A word-for-word copy of the data, pictures excluded, is what this task asks for.

*PROVIDED DATA*
■ ■ ■

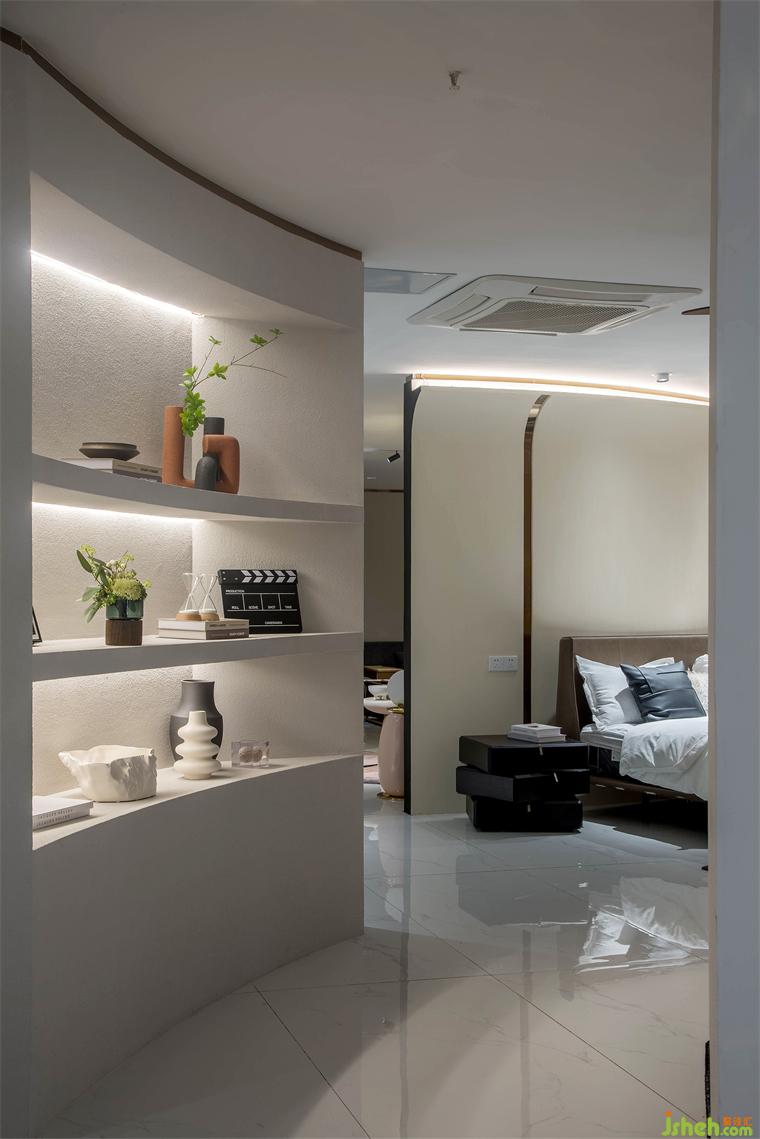 设计师在创作过程中,始终着重将艺术、空间与产品互融,艺术注入空间,有了更加鲜活的气息。承接前行步伐,罗马式立柱向观者表露出大牌极奢的空间定位,从中分裂的墙体产生隔而未断的视觉效果,装修设计步履移动间,空间中的一切相互借景,散发充满流动性的艺术美感,空间内部结构的丰富性得以自然呈现。
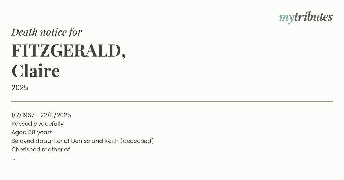 Beloved daughter of Denise and Keith (deceased)
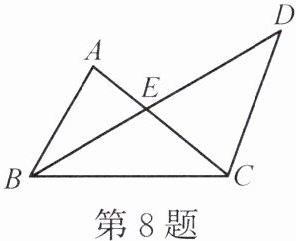 8. 如图,∠BCD= 110°,∠CBD= 28°,∠A= 60°。求:
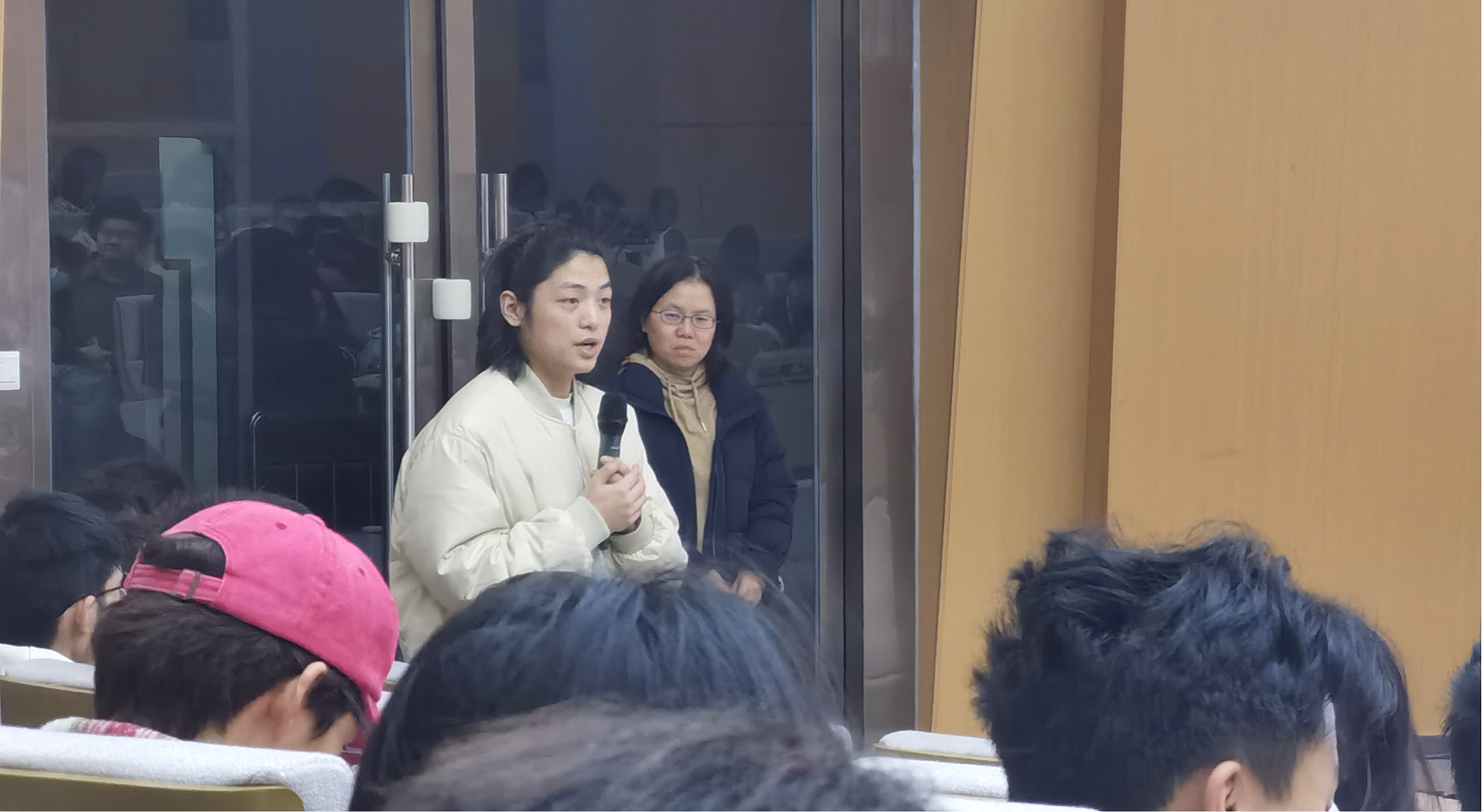 图2:周顺开、刘佳城、邓清月做分享与同学现场提问

■ ■ ■

*SOLVED EXERCISE*
 设计师在创作过程中,始终着重将艺术、空间与产品互融,艺术注入空间,有了更加鲜活的气息。承接前行步伐,罗马式立柱向观者表露出大牌极奢的空间定位,从中分裂的墙体产生隔而未断的视觉效果,装修设计步履移动间,空间中的一切相互借景,散发充满流动性的艺术美感,空间内部结构的丰富性得以自然呈现。
 Beloved daughter of Denise and Keith (deceased)
 8. 如图,∠BCD= 110°,∠CBD= 28°,∠A= 60°。求:
 图2:周顺开、刘佳城、邓清月做分享与同学现场提问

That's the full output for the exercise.